Какой такой оптимальный эффект был нужен её мучителям, Валька так и не поняла. Однако, ей пришлось подчиниться и продолжить позорное стояние на коленях. Она попробовала было сдвинуть ноги, чтобы спрятать от зрителей свои лишённые покрова прелести, но от этого живот заболел ещё сильнее, и пришлось раздвинуть ноги вновь. Наконец, доктор смилостивился и разрешил ей сходить в туалет. Одеваться она не стала — какой теперь в этом смысл? Да и изнутри подпирало так, что мама не горюй. В туалет Шура за ней не попёрся — и то слава богу, но когда она позволила себе расслабить многострадальную пятую точку, раздался такой звук, что, как ей показалось, слышно было на другой стороне улицы... Она сидела довольно долго, отходя скорее от моральной травмы, чем от физического страдания. К счастью, никто её не торопил. Когда же она вышла, Игорь Матвеевич буднично сообщил, что к операции всё готово, анестезиолог уже пришёл и готовится, и ей пора занять место на кресле. Только в этот момент Валя почувствовала страх перед самой операцией, позабыв на время о том, что она голая, что при операции будут присутствовать трое мужчин и что все этапы её унижения записываются на камеру.
С тяжёлым чувством она забралась на кресло. Ей хотелось поставить ноги на твёрдую опору, чтобы не держать их на весу, но единственным вариантом оказалось положить их на подколенники. Прикрыться она снова не посмела, но, к счастью, доктор, проникнувшись, видимо, её страданиями, достал простынку и набросил на неё. Это оказалось весьма кстати: хотя в кабинете было довольно тепло, она начала уже немного дрожать — то ли от страха, то ли от стыда, то ли от того и другого одновременно. Наконец, дверь отворилась, и вошёл ассистент-анестезиолог.

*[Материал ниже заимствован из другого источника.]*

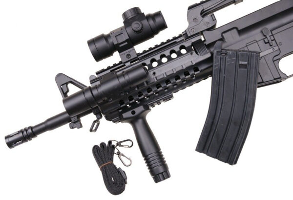 1. Designul M16: Replica este proiectată pentru a emula designul icnonic al puștii de asalt M16, inclusiv forma specifică a țevii, mânerul pistol ergonomic și mânerul de transport.
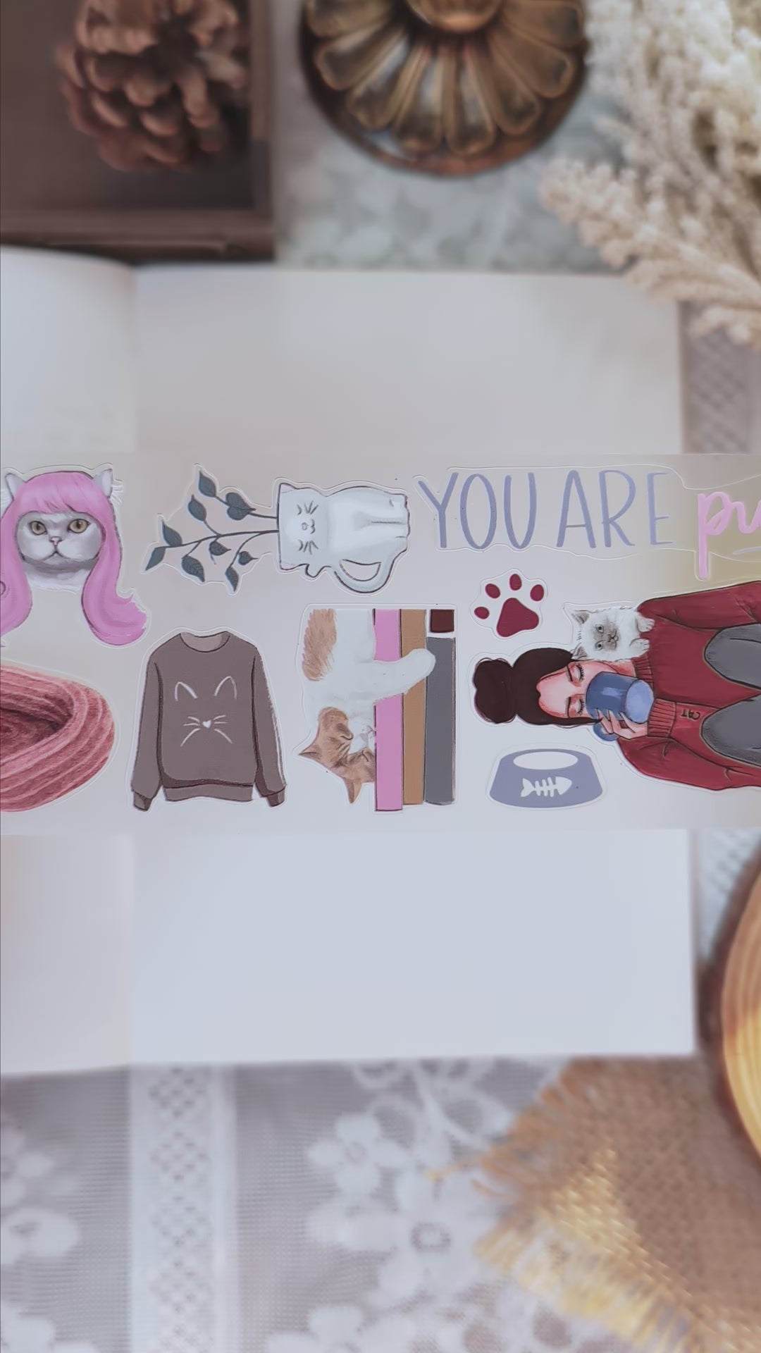 Celebrate the cozy, playful charm of cats with our Purrfect Days Pre-cut PET Tape [3.0] — a must-have for feline lovers, planners, and journaling enthusiasts! This beautifully illustrated tape captures the adorable everyday life of cats: napping on windowsills, stretching across books, playing with yarn, lounging in baskets, and bringing joy to every page.
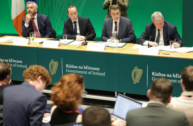 The post-budget housing press conference with journalists in Government Buildings today. Leah Farrell
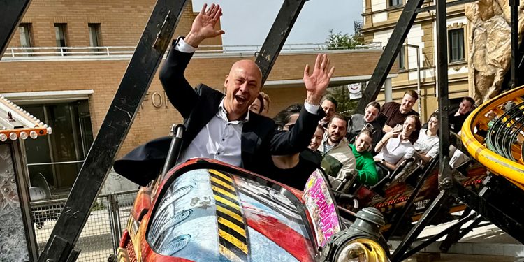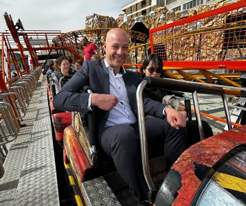 Noch genau zehn Tage bis zum Urfahraner Frühjahrsmarkt – und die Feuer & Eis Achterbahn als große neue Attraktion steht bereits. Im Rahmen der heutigen Pressekonferenz drehte auch Vize-Bürgermeister Martin Hajart eine erste Runde. Die 320m lange Bahn feiert ihre Österreich-Premiere und soll zum Stammgast am Jahrmarkt werden.
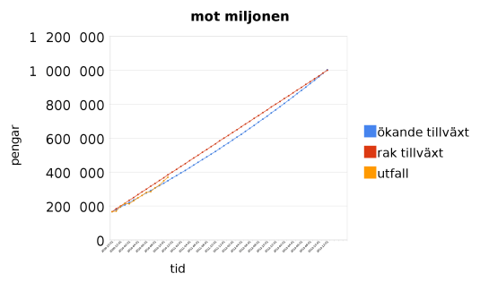 Jag ligger före målplanens kurva med 113 000 och enligt den anpassade kurvan ska jag nå första miljonen i januari 2013, elva månader före planen.

Валька взглянула на него и обомлела. Это был тот самый сосед, которого она встретила сегодня утром на лестнице. В который уже раз, её щёки залил яркий румянец. Одно дело, когда свидетелями твоего позора становятся люди незнакомые, которых ты больше, может быть, в жизни никогда не увидишь. Совсем другое, когда таким человеком становится знакомый. А когда ты с этим человеком встречаешься иногда по нескольку раз на дню... Теперь она знала, как его зовут — доктор называл его имя — Семён Михайлович. Как Будённый, точно, подумала она и вспомнила знаменитые будённовские усы, на которые были так похожи усы соседа. Тот, похоже, тоже был обескуражен.
— Здравствуйте, — вымученно промямлил он и добавил: — кажется, мы знакомы.
Это было совершенно излишним. Зачем, если даже и так, кому-то ещё знать об этом? Тем более, что считать это знакомством можно с большой натяжкой. Она поморщилась и сказала:
— Не уверена, что это можно назвать знакомством, впрочем... — она на мгновение задумалась, и тут неожиданно Шура, до сих пор молча трудившийся у своего трёхногого монстра, отвлёкся от своего занятия и, ухмыляясь, вставил:
— Конечно, у нас тут не повод для знакомства, но я всё же представлюсь — Александр Петрович, можно просто Шура.
— Семён Михайлович, — поздоровался вновь прибывший и пожал протянутую руку, — мне Игорь Матвеевич про Вас говорил.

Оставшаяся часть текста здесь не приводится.